* _MATERIAL PROVIDED_:
• • • • •

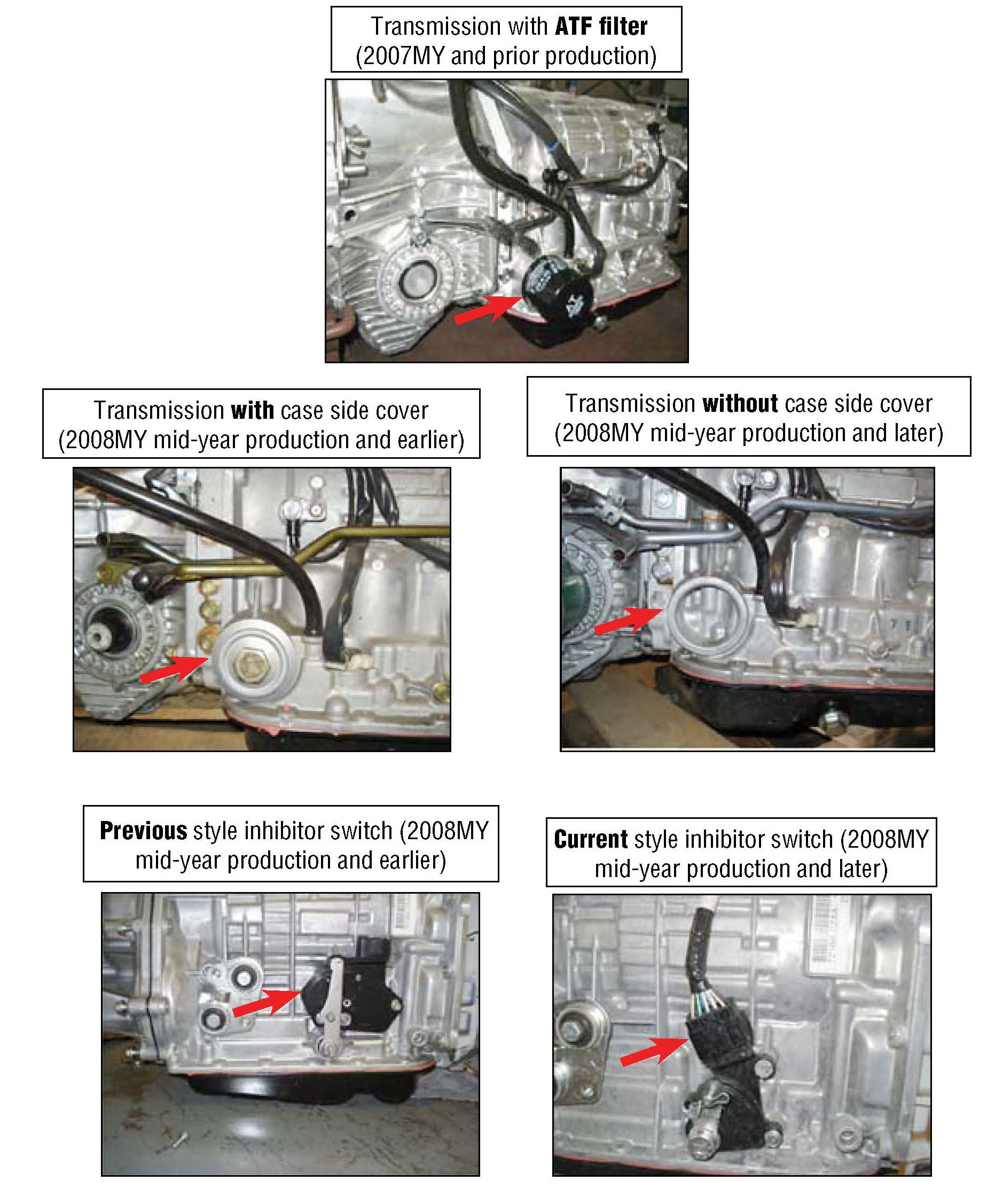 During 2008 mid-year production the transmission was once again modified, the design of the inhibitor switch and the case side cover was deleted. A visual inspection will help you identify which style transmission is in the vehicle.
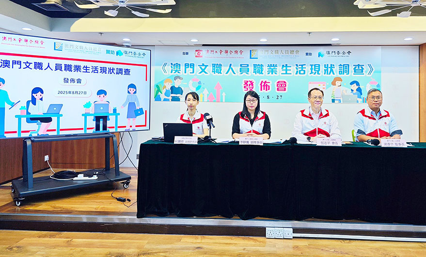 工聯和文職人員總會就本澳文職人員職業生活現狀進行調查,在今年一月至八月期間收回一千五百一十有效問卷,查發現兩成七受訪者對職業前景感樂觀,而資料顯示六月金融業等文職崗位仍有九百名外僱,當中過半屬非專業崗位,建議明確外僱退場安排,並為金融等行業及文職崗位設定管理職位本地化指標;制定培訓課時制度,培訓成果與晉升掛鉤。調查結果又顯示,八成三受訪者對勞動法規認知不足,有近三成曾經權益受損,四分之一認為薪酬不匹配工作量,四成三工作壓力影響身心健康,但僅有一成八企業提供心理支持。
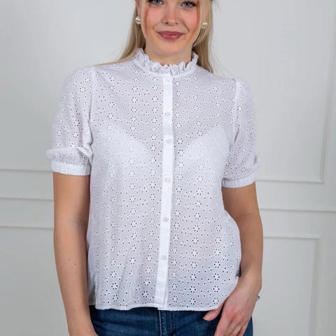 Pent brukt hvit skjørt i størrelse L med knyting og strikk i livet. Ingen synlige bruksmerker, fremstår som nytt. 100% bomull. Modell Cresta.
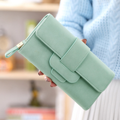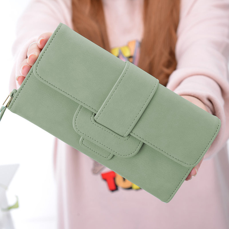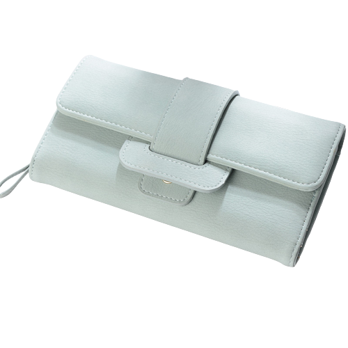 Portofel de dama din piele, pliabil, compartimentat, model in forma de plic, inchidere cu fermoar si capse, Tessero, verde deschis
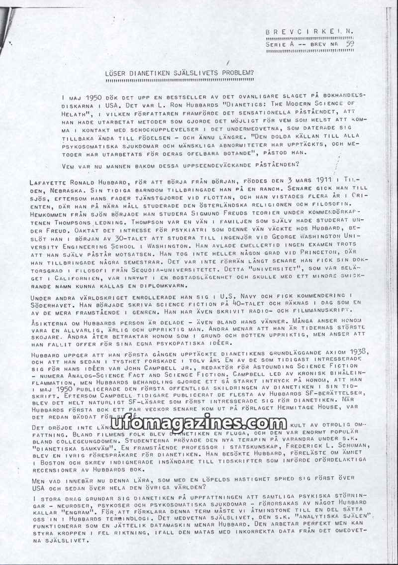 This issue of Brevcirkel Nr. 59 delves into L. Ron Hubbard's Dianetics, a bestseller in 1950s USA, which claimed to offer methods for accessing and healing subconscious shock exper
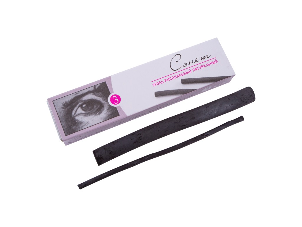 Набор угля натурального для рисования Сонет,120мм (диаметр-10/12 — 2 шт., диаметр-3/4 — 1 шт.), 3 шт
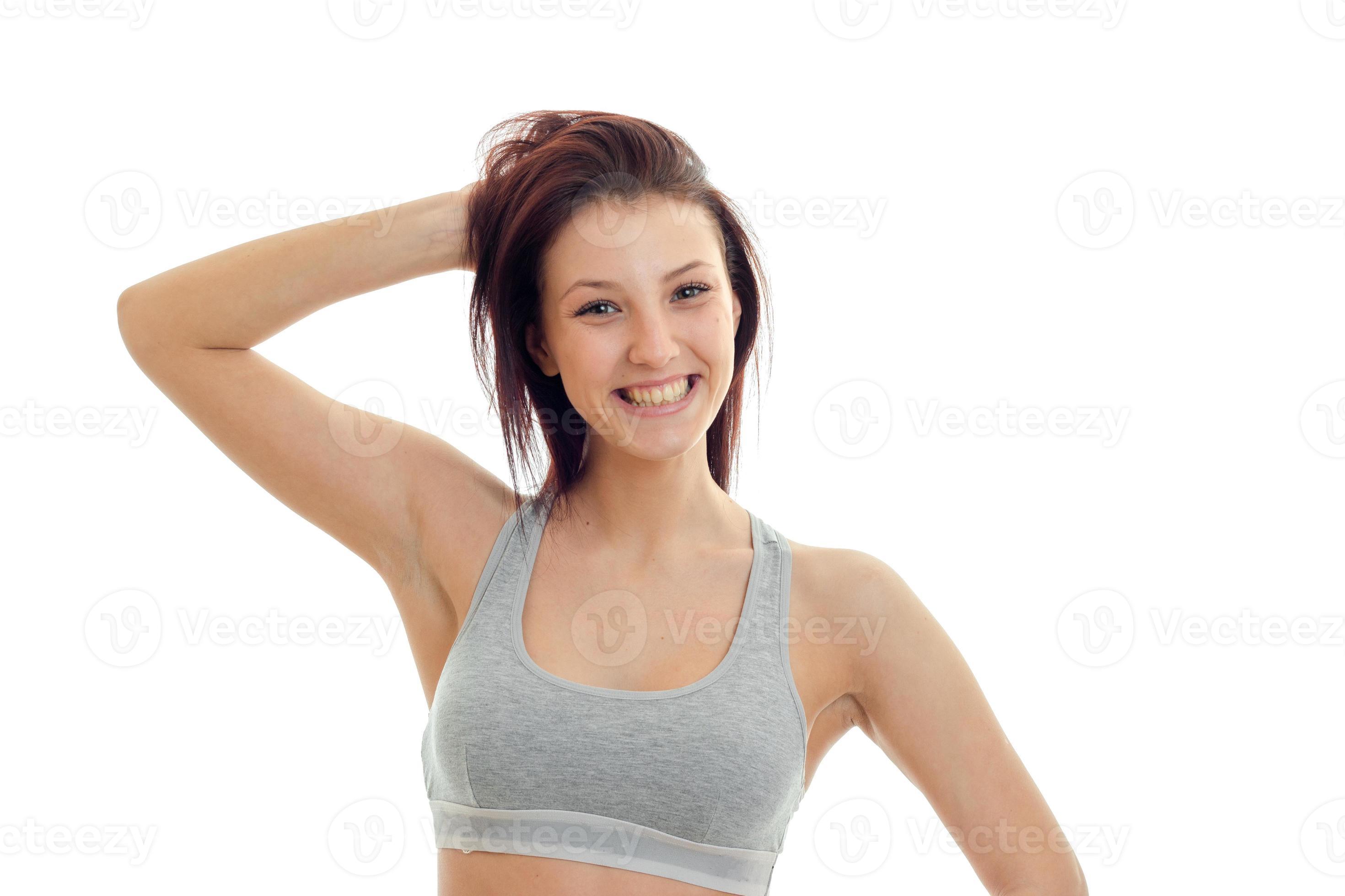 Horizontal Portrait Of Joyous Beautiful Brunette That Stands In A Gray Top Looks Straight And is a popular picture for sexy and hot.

• • • • •

* _WHAT YOU HAVE TO DO_:
Print exactly the line containing "Pent brukt hvit" and every line after it through the final line above, and leave all pictures out.

* _RESPONSE_:
 Pent brukt hvit skjørt i størrelse L med knyting og strikk i livet. Ingen synlige bruksmerker, fremstår som nytt. 100% bomull. Modell Cresta.
 Portofel de dama din piele, pliabil, compartimentat, model in forma de plic, inchidere cu fermoar si capse, Tessero, verde deschis
 This issue of Brevcirkel Nr. 59 delves into L. Ron Hubbard's Dianetics, a bestseller in 1950s USA, which claimed to offer methods for accessing and healing subconscious shock exper
 Набор угля натурального для рисования Сонет,120мм (диаметр-10/12 — 2 шт., диаметр-3/4 — 1 шт.), 3 шт
 Horizontal Portrait Of Joyous Beautiful Brunette That Stands In A Gray Top Looks Straight And is a popular picture for sexy and hot.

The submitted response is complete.